**Task item:**
Ignoring every picture, return the lines of the listing below word for word, from the line that holds "I spent the" through the line that holds "an Iranian-flagged cargo".

**Task data:**
____

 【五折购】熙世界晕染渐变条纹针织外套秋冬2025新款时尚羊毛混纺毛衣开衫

____

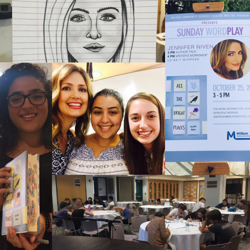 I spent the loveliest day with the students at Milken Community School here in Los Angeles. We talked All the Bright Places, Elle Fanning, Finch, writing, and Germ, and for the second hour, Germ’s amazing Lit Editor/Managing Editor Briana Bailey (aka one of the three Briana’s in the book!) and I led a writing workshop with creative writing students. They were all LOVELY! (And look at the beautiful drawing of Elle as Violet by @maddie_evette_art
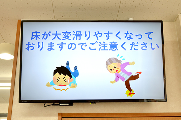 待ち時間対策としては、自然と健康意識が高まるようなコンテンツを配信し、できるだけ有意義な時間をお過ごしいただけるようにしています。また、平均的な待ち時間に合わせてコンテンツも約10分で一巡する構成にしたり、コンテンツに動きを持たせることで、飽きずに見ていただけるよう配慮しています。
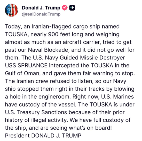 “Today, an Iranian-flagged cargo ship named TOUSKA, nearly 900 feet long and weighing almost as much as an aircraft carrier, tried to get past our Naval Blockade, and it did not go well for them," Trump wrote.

____

**Answer to this task:**
 I spent the loveliest day with the students at Milken Community School here in Los Angeles. We talked All the Bright Places, Elle Fanning, Finch, writing, and Germ, and for the second hour, Germ’s amazing Lit Editor/Managing Editor Briana Bailey (aka one of the three Briana’s in the book!) and I led a writing workshop with creative writing students. They were all LOVELY! (And look at the beautiful drawing of Elle as Violet by @maddie_evette_art
 待ち時間対策としては、自然と健康意識が高まるようなコンテンツを配信し、できるだけ有意義な時間をお過ごしいただけるようにしています。また、平均的な待ち時間に合わせてコンテンツも約10分で一巡する構成にしたり、コンテンツに動きを持たせることで、飽きずに見ていただけるよう配慮しています。
 “Today, an Iranian-flagged cargo ship named TOUSKA, nearly 900 feet long and weighing almost as much as an aircraft carrier, tried to get past our Naval Blockade, and it did not go well for them," Trump wrote.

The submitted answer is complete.